O artigo 225 da Carta Magna brasileira assegurou, pela primeira vez, que todos têm direito ao meio ambiente ecologicamente equilibrado, bem de uso comum do povo e essencial à sadia qualidade de vida, impondo-se ao poder público e à coletividade o dever de defendê-lo e preservá-lo para as presentes e futuras gerações.
Assim dispõe o artigo 225 que “Todos têm direito ao meio ambiente ecologicamente equilibrado, bem de uso comum do povo e essencial à sadia qualidade de vida, impondo-se ao Poder Público e à coletividade o dever de defendê-lo e preservá-lo para as presentes e futuras gerações”.
Conforme § 1º deste artigo, para assegurar a efetividade desse direito, incumbe ao poder público … VI – “promover a educação ambiental em todos os níveis de ensino e a conscientização pública para a preservação do meio ambiente”.

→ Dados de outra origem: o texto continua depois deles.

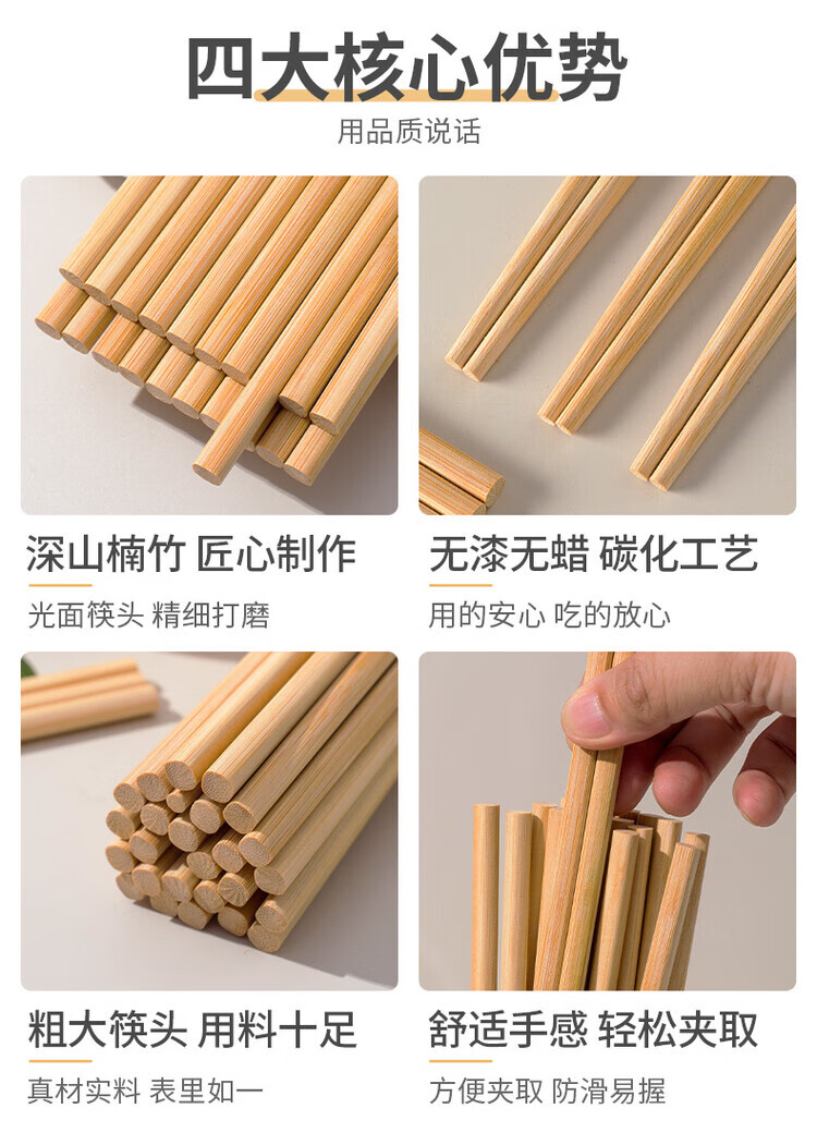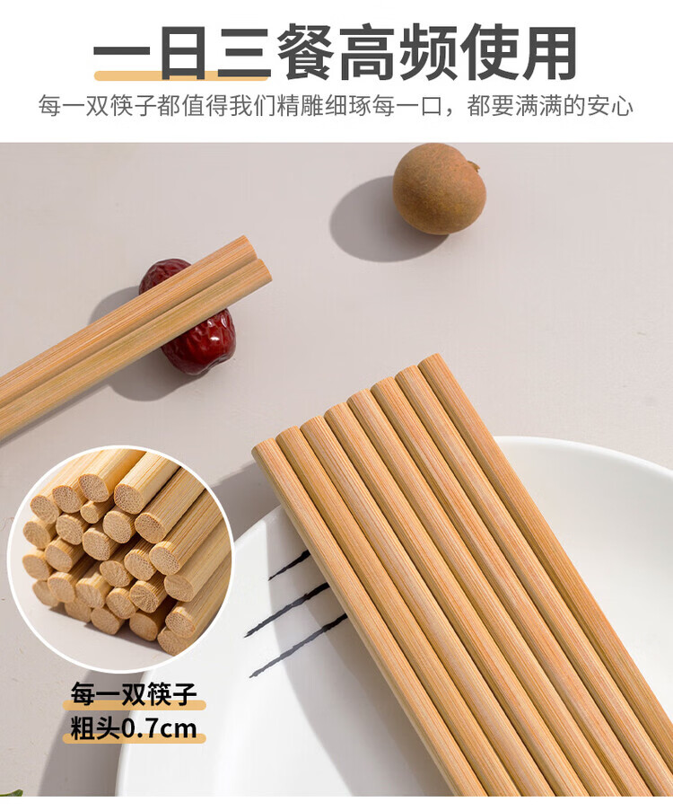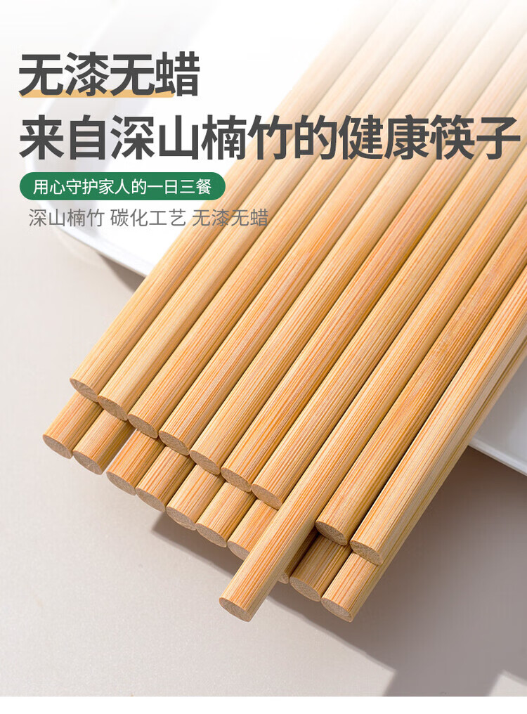 简漾天然楠竹筷子家用高档抗菌防霉防滑无漆无蜡10双家庭一人一筷加长 家用【长24】楠竹筷子2双

Como se vê na norma maior, para a efetividade desse direito, a Constituição brasileira impôs não só ao poder público, mas também à sociedade, o dever de defendê-lo; àquele incumbiu, ainda, a promoção educacional ambiental em todos os níveis de ensino e a conscientização pública.
O comando constitucional supra estabelece que o bem ambiental é direito de cada um e de todos ao mesmo tempo. É um bem de uso comum do povo, cuja proteção se destina a um bem maior: o direito à vida com qualidade e dignidade, sendo o homem seu destinatário, o centro de todas as atenções.
Quanto ao meio ambiente do trabalho especificadamente, o artigo 7º, incisos XXIII e XXVII estabelecem que “São direitos dos trabalhadores urbanos e rurais, além de outros que visem à melhoria de sua condição social: … XXII – redução dos riscos inerentes ao trabalho, por meio de normas de saúde, higiene e segurança; … XXVIII – seguro contra acidentes de trabalho, a cargo do empregador, sem excluir a indenização a que este está obrigado, quando incorrer em dolo ou culpa”.
Próximas análises

Por isso pretendo, nos artigos seguintes fazer breve análise sobre a tarefa de cada legitimado na defesa do meio ambiente e da saúde dos trabalhadores quanto à efetividade ou não da sua atuação, porque não adianta a existência de um belo arcabouço jurídico de proteção à saúde do trabalhador, como o que hoje existe no Brasil, se na prática os índices de acidentes e doenças ocupacionais continuam altos, destruindo vidas e famílias. É preciso que os legitimados atuem por meio de instrumentos eficazes, pois, como alerta Norberto Bobbio, “uma coisa é falar dos direitos do homem, direitos sempre novos e cada vez mais extensos, e justificá-los com argumentos convincentes; outra coisa é garantir-lhes uma proteção efetiva”.
Nos artigos seguintes será feita uma breve análise sobre o papel dos sindicatos, das Comissões Internas de Prevenção de Acidentes (Cipas), do Poder Legislativo, do Poder Executivo, do Poder Judiciário e do Ministério Público do Trabalho.
Essa análise se faz oportuna e necessária, porque, conforme o Anuário Estatístico de Acidentes do Trabalho (Aeat) 2024, os índices acidentários no Brasil continuam preocupantes, o que é ruim para as vítimas, suas famílias, para as empresas e para a sociedade, caracterizando, pois, uma questão de ordem pública.
Apenas para demonstrar essa preocupação e a importância dessas estatísticas, a última revelou dado até então não verificado, ou seja, que 53% dos registros de acidentes do trabalho daquele ano – 417,6 mil dentre 787,4 mil acidentes estão relacionados sobre raça/cor do acidentado, impactando a população negra no Brasil. O documento foi divulgado em dezembro de 2025 pelo Ministério da Previdência Social, mostrando a grande incidência dos acidentes nas raças não brancas (pretas, pardas, amarelas e indígenas).
A estatística mostra que o acidentes de trabalho atingem mais as pessoas de nível menor de escolaridade e de instrução, que são aquelas que se ativam mais nas atividades e condições de trabalho precarizadas.
Nesses próximos artigos vamos refletir também sobre a geração recorde de empregos e de postos de trabalho, que são importantes, mas que precisam ser acompanhados de valorização da renda e de estratégicas para o trabalho decente e seguro para proteção social.